Scientists have just discovered a new way our brains govern hunger making a new drug that can ‘switch off’ our food cravings possible.
Researchers identified the mechanism that makes us feel hungry and then chooses whether or not to reach for the bag of chips.
They made the discovery because of a pioneering new use of a tiny periscope allowing them to see the neurons that are in a previously unobservable part of the brain.
Their findings could help people with ‘faulty’ hard wiring in their brain that does not allow them to stop eating when full.
‘To put it simply, when you’re hungry, the picture of a cheeseburger may be incredibly appealing and efficient in influencing your behavior,’ explained the lead author of the study, Yoav Livneh, a postdoctoral fellow at Beth Israel Deaconess Medical Center at Harvard University.
‘But if your belly is full after eating a big meal, the same cheeseburger picture will be unappealing.
‘We think that the pathway we discovered from hunger-promoting neurons to a region of the brain called the insular cortex plays an important role here.’

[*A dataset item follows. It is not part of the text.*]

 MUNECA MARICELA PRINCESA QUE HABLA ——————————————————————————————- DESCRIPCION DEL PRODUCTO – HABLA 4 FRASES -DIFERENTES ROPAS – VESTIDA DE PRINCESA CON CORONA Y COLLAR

Obese people’s over-sensitivity to food cues
Brain imaging data supports the idea that the insular cortex – part of the brain – is involved in choosing if a source of food is worth pursuing.
In people with a healthy weight, the insular cortex increases its activity in response to food cues – the sight of a cheeseburger for instance – during hunger but not after a meal.

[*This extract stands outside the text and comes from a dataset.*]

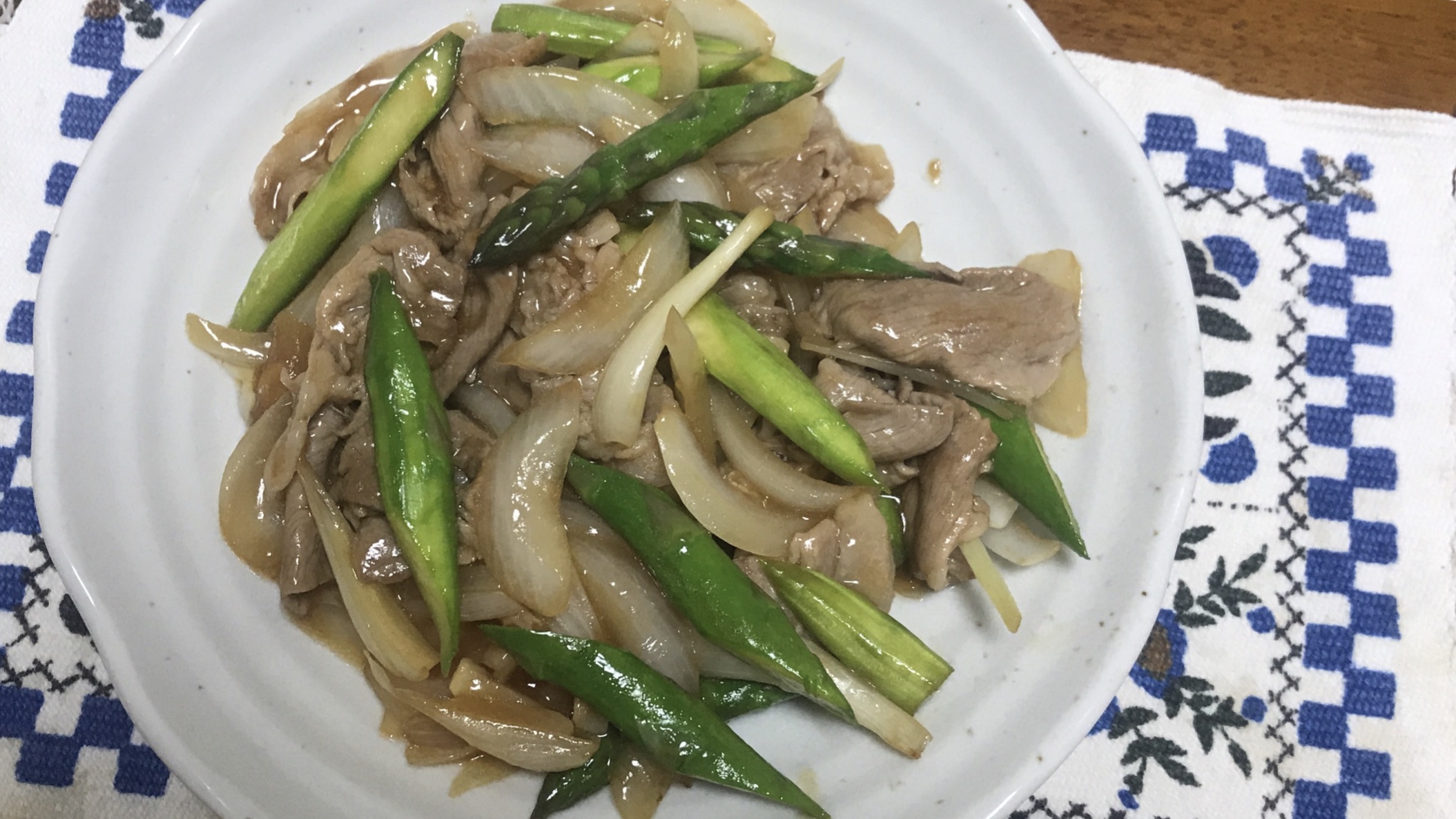 豚肉とアスパラとエシャロットのオイスターソース旨味炒めです。

Studies suggest that the process often goes awry in people with obesity or other eating disorders that involve excessive food cravings.
The findings indicate that specific changes in a brain’s activity, including an increased sensitivity to food cues, may trigger these disorders – rather than a ‘lack of willpower.’
And so the researchers wanted to find out more about how this happens, testing on, mice which are biologically similar to humans.
They used a periscope to track and monitor individual neurons in mice as they responded to food cues in both a satiated and hungry physiological states.
The experiments showed that when they were presented with food, a particular group of neurons in the insular cortex were activated, which were responsible for mice choosing whether or not to eat.
After they had eaten until they were full, this brain response to food cues in the insular cortex was no longer present.
While the mice were still full, the researchers used genetic techniques to artificially trigger them wanting more food by ‘turning on’ specific neurons in the hypothalamus, a part of the brain that has a vital role the regulation and control of hunger.
By activating these neurons, called AgRP, the team caused mice that were full to seek more food once again.
As a result, the hope therapies could dial down this neuron behavior and reduce excessive cravings.
‘These AgRP neurons cause hunger – they are the quintessential hunger neuron,’ explained co-author Bradford Lowell.
‘It’s a major advance to learn that we can artificially turn them on and cause full mice to work to get food and to eat as if they hadn’t eaten in a long time.
‘We’re still trying to understand how this process works.
‘Huge questions remain, but they are now addressable thanks to these new imaging methods.’